In the city of Batumi there were only three mosques – two stone and one tiny wooden mosque. All of them were built in the XIX century.
The first mosque was built in Batumi in 1861 by the initiative of Pertev Walide Sultan (1812 – 1883), the wife of Sultan Mahmud the II-nd and the mother of Sultan Abdul-Aziz. She built a mosque in honor of her son, so ithe church was named Aziziye. One can only wonder why she built a mosque in such a wilderness. An interesting fact is that she built a very eclectic mosque in Istanbul in 1871, Pertevnial Walide Sultan, which still stands there.
Aziziye had the form of a hexagon with a minaret. It stood at the roundabout to the Drama Theater, on Zviad Gamsakhurdia Street. The mosque was demolished in Soviet times and made in its place the Lenin square. So the oldest and most respectable Batumi mosque disappeared.
The Mufti-Maglasin-Dzhami mosque stood on the modern Chavchavadze Street near the sea. It was a small wooden mosque that was demolished in an unknown era.

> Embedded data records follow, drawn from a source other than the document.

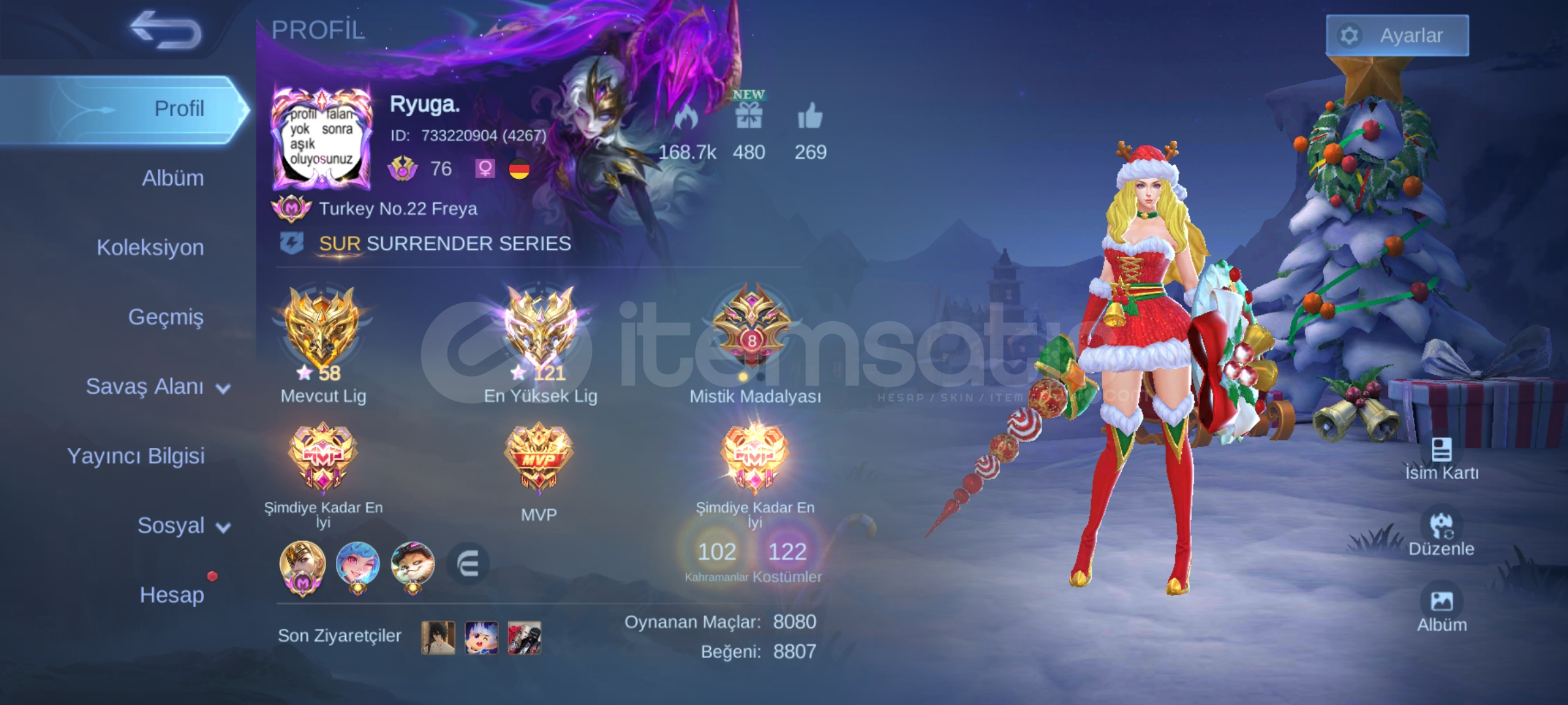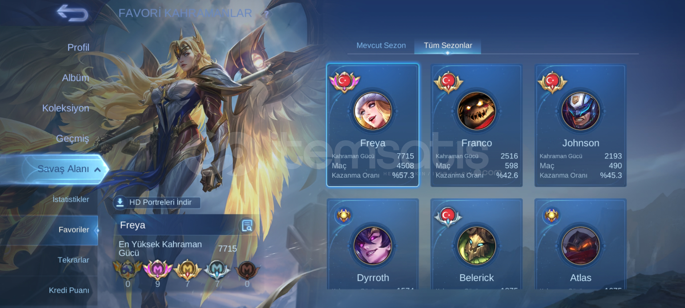 3 yıldır aktif kullanılan, sorunsuz, ban geçmişi olmayan, yüksek performanslı bir MLBB hesabıdır.Tüm emblemler max olduğu için direkt rekabetçi seviyede oynamaya uygundur.Hesap düzenli oynandığı için MMR oldukça iyidir.Freya TürkHero MMR global ve TR listesinde görünür seviyedeHesap en yüksek ligi görmüş durumdaRanked geçmişitemizdir.Tü...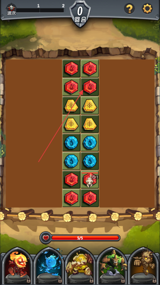 3、进入战斗后,游戏界面出现元素方块阵列,上方显示波次和回合数,下方有生命值进度条及角色卡牌。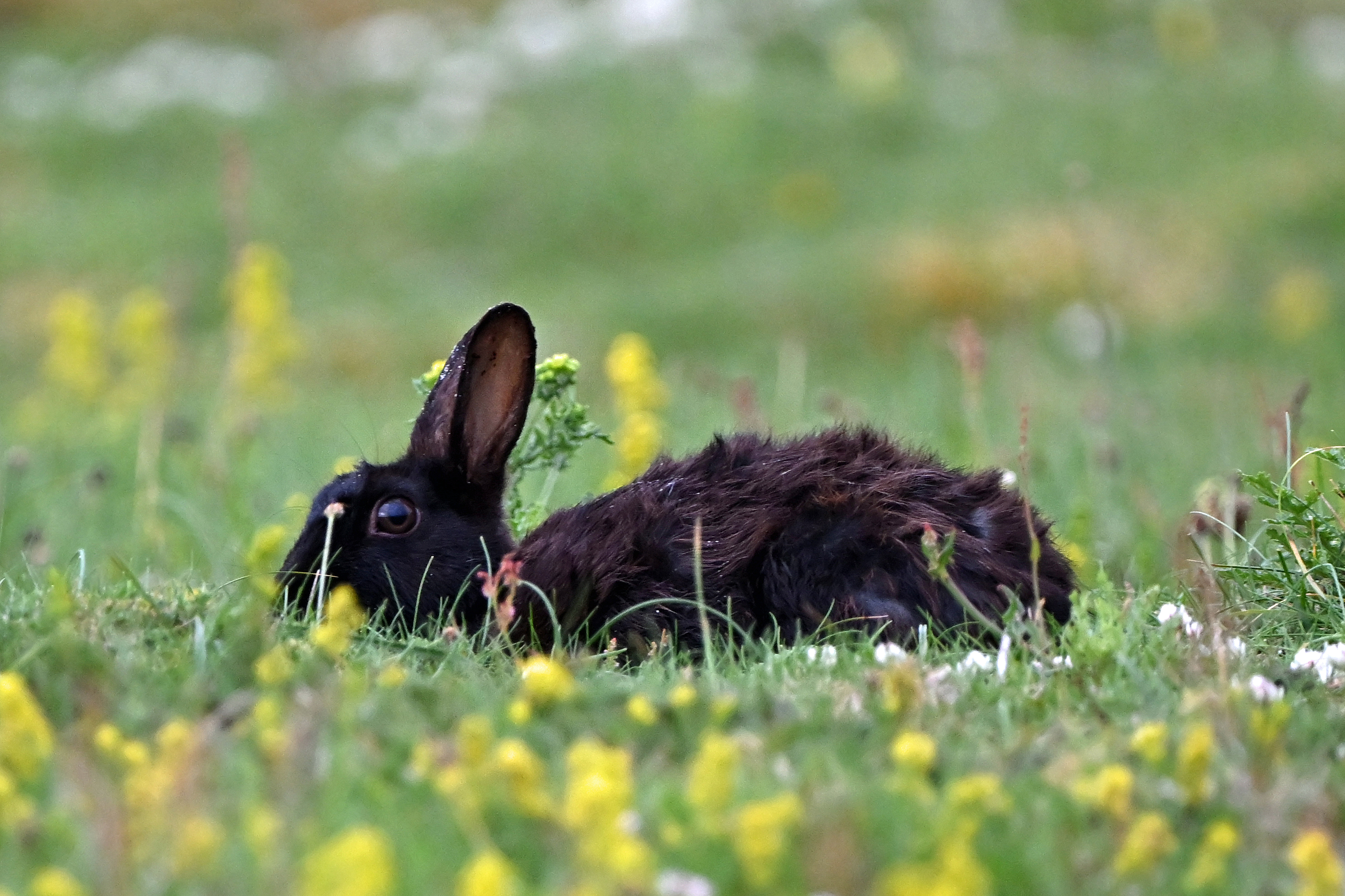 Although I like taking photos, sometimes it’s even better to just sit and watch the rabbits get on with their day. Occasionally a dispute breaks out between two rabbits, perhaps over access to a choice flower or other piece of food, but most of the time everything is very peaceful. Spending some time with the rabbits is a great way to break a walk between Aillebrack and Bunowen.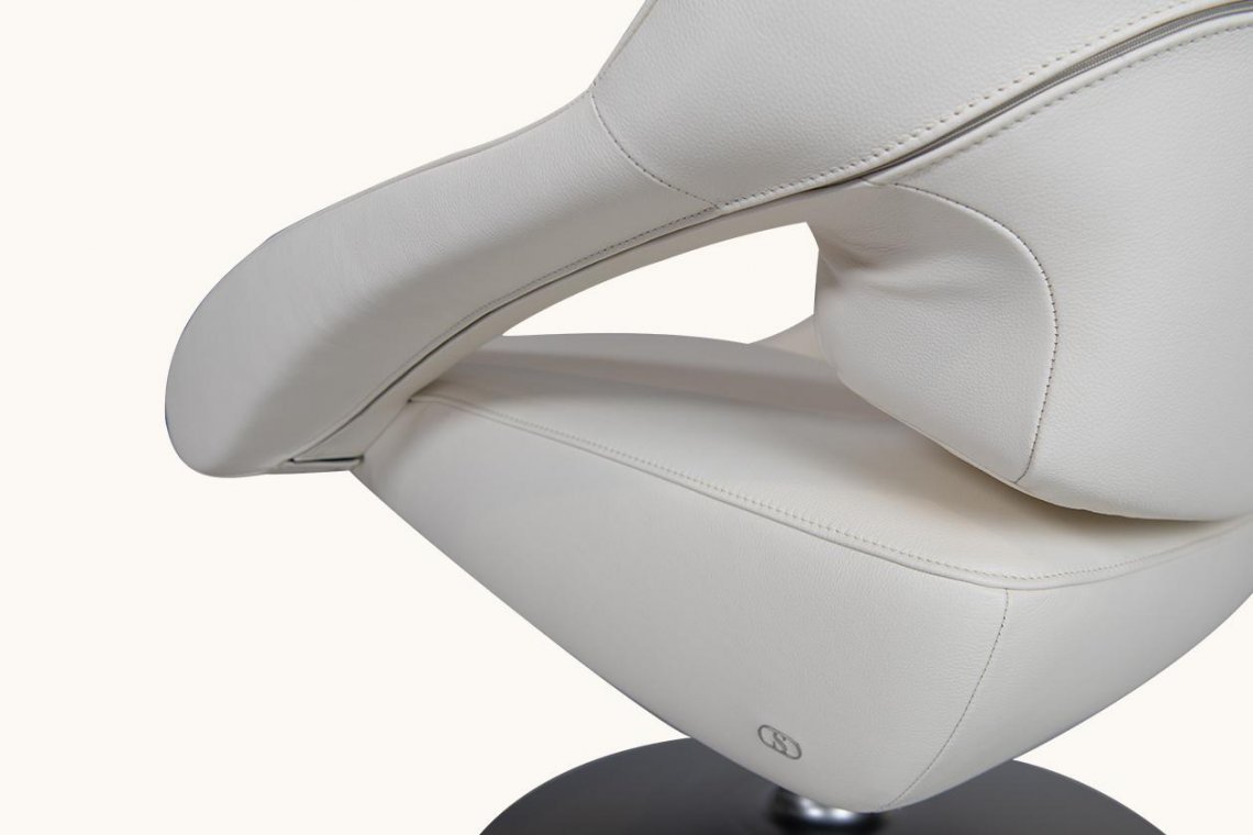 對前衛藝術的致敬,區別與任何的主流設計。其設計風格自信、清晰、直率和果斷。 底部支架創新的傾斜功能可以支持坐姿,有利于放松身心。此款具有低靠背或帶有頭靠的高靠背,以及折疊式的擱腿支架。

The third mosque has survived to this day. It is the mosque of Orta-Ahmed-Pasha, which is located on Kutaisi Street. It is somewhat cunningly hidden in the alleys. But it can be recognized by the minaret. And it is easier to get there from the street Zviad Gamsakhurdia.
This mosque was built in 1866, about which there is an inscription on its facade, on money donated by the mother of the famous public figure of Adjara Aslan-beg Khimshiashvili. The interior of the mosque was amazingly painted by talented brothers from Lazistan. The building is very similar to an ordinary residential building in two floors, but in the architecture one can see something eastern and the minaret also issues the destination. During communists, the mosque minaret was destroyed and restored only in 1992, during Aslan Abashidze. In 2012, a gilded dome was built over the mosque.

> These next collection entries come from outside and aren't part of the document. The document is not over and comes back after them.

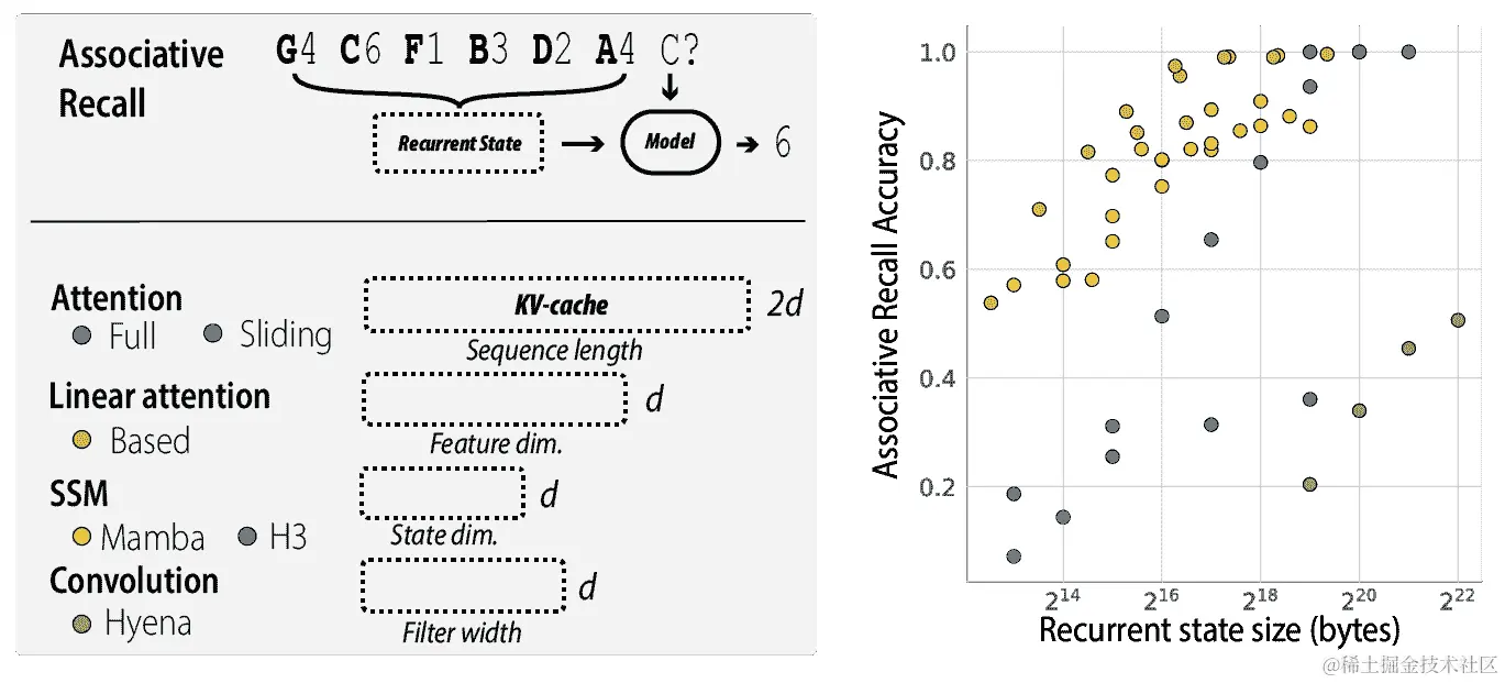 在注意力中,状态通常被称为 KV 缓存,并随着序列长度增长。在图 1 的右上角,我们可以看到注意力完美地执行召回,尽管以巨大的循环状态为代价。滑动窗口注意力提供了一种限制 KV 缓存大小的方法,但我们发现(并不奇怪)随着我们减少循环状态的大小(例如从 1MB 循环状态到 65KB 循环状态),召回性能会迅速下降(图 1,浅蓝色)。
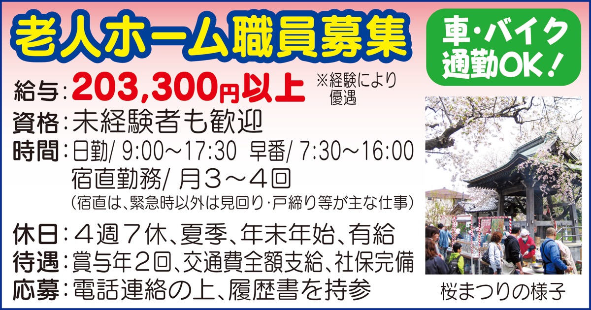 自立したお年寄りが暮らす老人ホーム「ルンビニ合掌苑」で入居者をサポートする正職員を募集。仕事内容は、お年寄りの話し相手や、催し物・クラブ活動の手伝い、施設内共用部分の清掃、入居者の通院・買い物等の送迎など。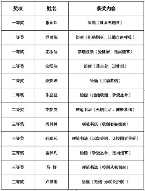 本次活动,经过初审、评委老师评审等环节,共评选出一等奖3名,二等奖4名,三等奖5名,现将获奖名单公布如下:

In 1932 the mosque was closed, but for some reason they opened it back in 1946. This return coincided with the return of St. Nicholas Church. Now there are long negotiations between the Turkish and Georgian authorities on the construction of a new mosque in Batumi, but so far the negotiations have achieved nothing.

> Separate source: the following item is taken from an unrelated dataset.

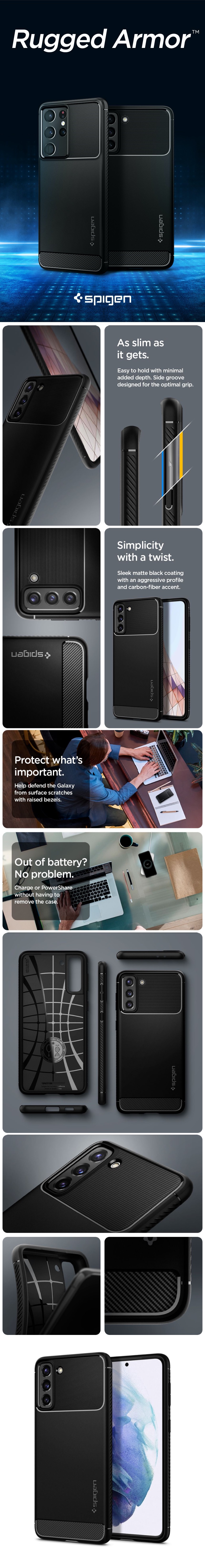 ความทนทานรูปใหม่แบบของ Spigen Rugged Armor การปกป้องที่มีสไตล์ ตัวเคสผลิตจาก TPU พื้นผิวนุ่มมีความยืดหยุ่นสูง โดยได้แรงบันดาลใจจากการออกแบบรถยนต์ เพิ่มลวดลายคาร์บอนไฟเบอร์มีความมันวาว ตัวเคสเพรียว บาง กระชับกับตัวเครื่อง มีเทคโลโลยี Air Cushion ช่วยดูดซับแรงกระแทก ที่ได้รับการรับรองจาก MIL-STD 810G-516.6 ซึ่งเป็นมาตรฐานการทดสอบความแข็งแรงของเคส
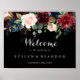 Dieses rustikale, schwarz-botanische Begrüßungszeichen ist perfekt für eine klassische Hochzeit. Das Design besteht aus bordeauxroten, marinierten, blauen und rot strahlenden Blume mit anmutigen, handbemalten, schwarzen Hintergrund, die die natürliche Schönheit inspiriere. Machen Sie dieses Poster zu Ihrem eigenen, indem Sie den Namen der Braut und Bräutigam, und das Datum der Hochzeit.

From the historian point of view it is not quite traditional to built a large and pathos mosque in Batumi – Adjara is a country of tiny village mosques, and a mosque of great shapes will be discordant with a common historical course. But suggestion to restore the Aziziye Mosque would be interesting. However, the Batumi public protests against the restoration of the mosque in honor of Abdul-Aziz. Although this sultan was the only one who did not do anything wrong in Transcaucasia.